The Keesingia Gigas’ sting is one jellyfish sting that even concentrated bull urine couldn’t help. Discovered in 2013 off the coast of Australia, this spectral-looking jellyfish grows up to 20 inches or 50 centimeters and packs a lethal venom that is believed to cause Irukandji Syndrome. One sting from this arm-length oceanic beast can be painful, but the nausea, vomiting, and possible death that follows are a bit more concerning. What’s peculiar about the Keesingia gigas is the complete lack of tentacles, which, for most jellyfish, is the common appendage known for dishing out the sting. While some marine experts believe the explanation is as simple as having caught gigas that have shed their tentacles, others believe the bell of the jellyfish is where the venom is introduced to its victim.
It may be difficult, but try to quell your “Aww’s” over this next adorable entry. The Etendeka is a round-eared sengi, or elephant-shrew, found in the remote regions of Namibia. The tiny critter is smaller than other known Macroscelides and is typically found with rust-colored fur and a large, hairless gland under its tail. The tiny mammal comes in at around 7.3 inches or 18 centimeters long from its tail to its cute little snout. To aid in finding food, its tongue can stick out several millimeters past its already elongated proboscis. Initially, researchers believed the Etendeka to be nothing remarkable, until a genetic test was done, showing major differences between the two. The Etendeka has avoided detection for so long due to its habitat being so arid and difficult to access. Being so cute and cuddly looking, we expect it to eventually find its way into the world of house-pets.
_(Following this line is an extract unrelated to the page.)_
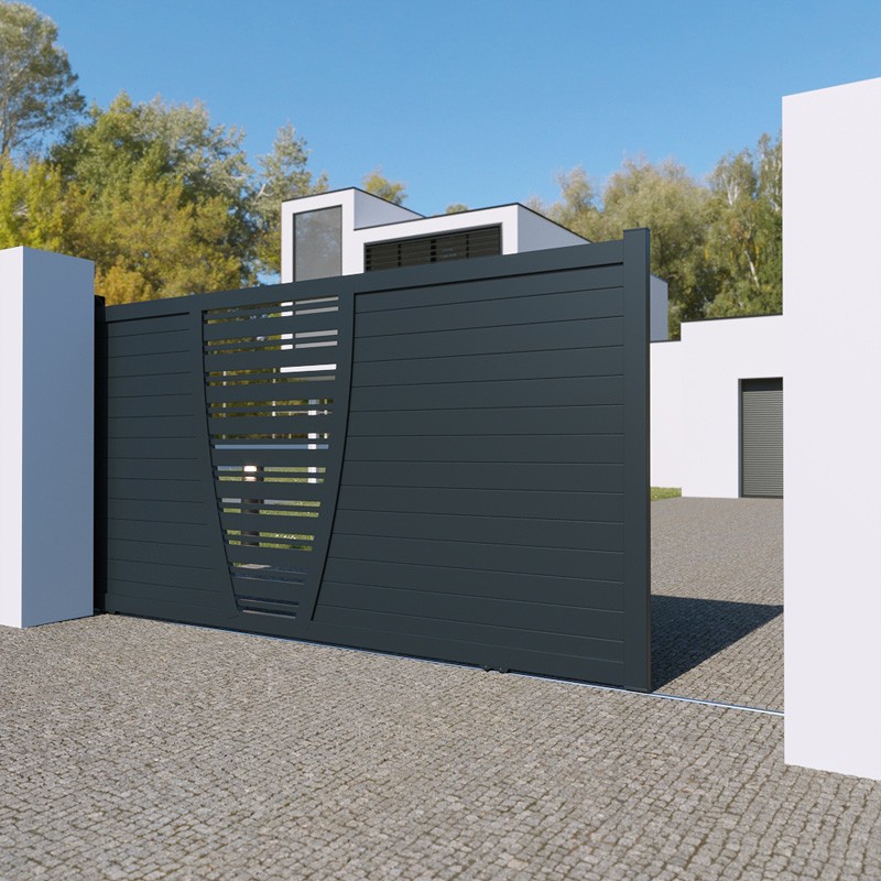 Portail aluminium New York coulissant standard semi ajouré, hauteur 1700 mm à motoriser.

It’s sad to think that, over time, John Lennon may be forgotten for his musical talents, but a group of scientists from the Museu Paraense Emilio Goeldi in Brazil were sure to make it so his name lives on in some fashion. In life, Lennon may have been a Beatle, but post-mortem, he is a new species of Amazonian tarantula, the Bumba lennoni. The new species of Theraphosidae is quite tiny, with a body measuring in at around 1 inch or 3 centimeters long, but is otherwise unremarkable when compared to the oversized Goliath Birdeater that it is related to. When inquired about the naming, study leader Fernando Perez-Miles claimed that Lennon was chosen because he helped to make this world a more gentle place. You know, like tarantulas. Makes perfect sense.